Now, let’s try a Random Forest classifier. As we cannot model with multiple outcome variables, so we will select Preg.ended...37.wk as our outcome of interest. This variable is a factor variable which denotes if a women gave birth prematurely (1=yes, 0=no).

  1. Remove the other five possible outcome variables measures from the dataset, i.e.: GA.at.outcome, Birthweight, Apgar1, Apgar5 andAny.SAE.. You will need to take out one more variable from the dataset before modelling, figure out which one and remove it.

  2. The R-package we are using to make a RF classifier requires the outcome variable to be categorical. As Preg.ended...37.wk is encoded as numeric (0 and 1), you will have to change these to categories.

  3. Split your dataset into train and test set, you should have 70% of the data in the training set and 30% in the test set. How you chose to split is up to you, BUT afterwards you should ensure that for the categorical/factor variables all levels are represented in both sets.
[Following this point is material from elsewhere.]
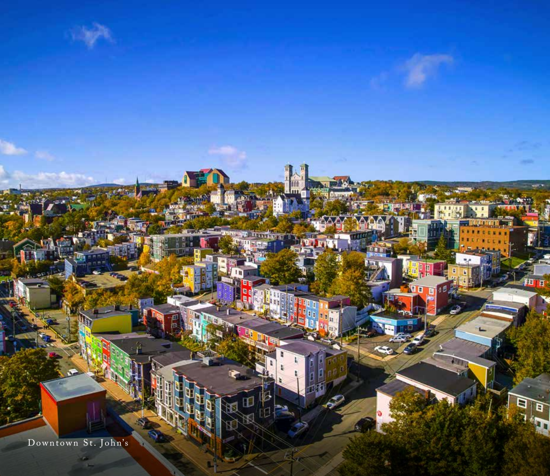
Downtown St. John's
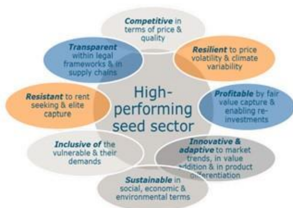
Figure 3 Seed sector vision

The vision for the seed sector in Nigeria is to become more competitive, resilient, profitable, innovative and adaptive, sustainable, inclusive, resistant and transparent. The vision is illustrated in Figure 3.

  4. Set up a Random Forest model with cross-validation. See pseudo-code below. Remember to set a seed.

First the cross-validation parameters:

set.seed(123)

# Set up cross-validation: 5-fold CV
RFcv <- trainControl(
  method = "cv",
  number = 5,
  classProbs = TRUE,
  summaryFunction = twoClassSummary,
  savePredictions = "final"
)

Next we train the model:

# Train Random Forest
set.seed(123)
rf_model <- train(
  Outcome ~ .,
  data = Trainingdata,
  method = "rf",
  trControl = RFcv,
  metric = "ROC",
  tuneLength = 5           
)


# Model summary
print(rf_model)
  1. Plot your model fit. How does your model improve when you add 10, 20, 30, etc. predictors?
# Best parameters
rf_model$bestTune

# Plot performance
plot(rf_model)
  1. Use your test set to evaluate your model performance. How does the Random Forest compare to the Elastic Net regression?

  2. Extract the predictive variables with the greatest importance from your fit.

  3. Make a logistic regression using the same dataset (you already have your train data, test data, y_train and y_test). How do the results of Elastic Net regression and Random Forest compare to the output of your glm.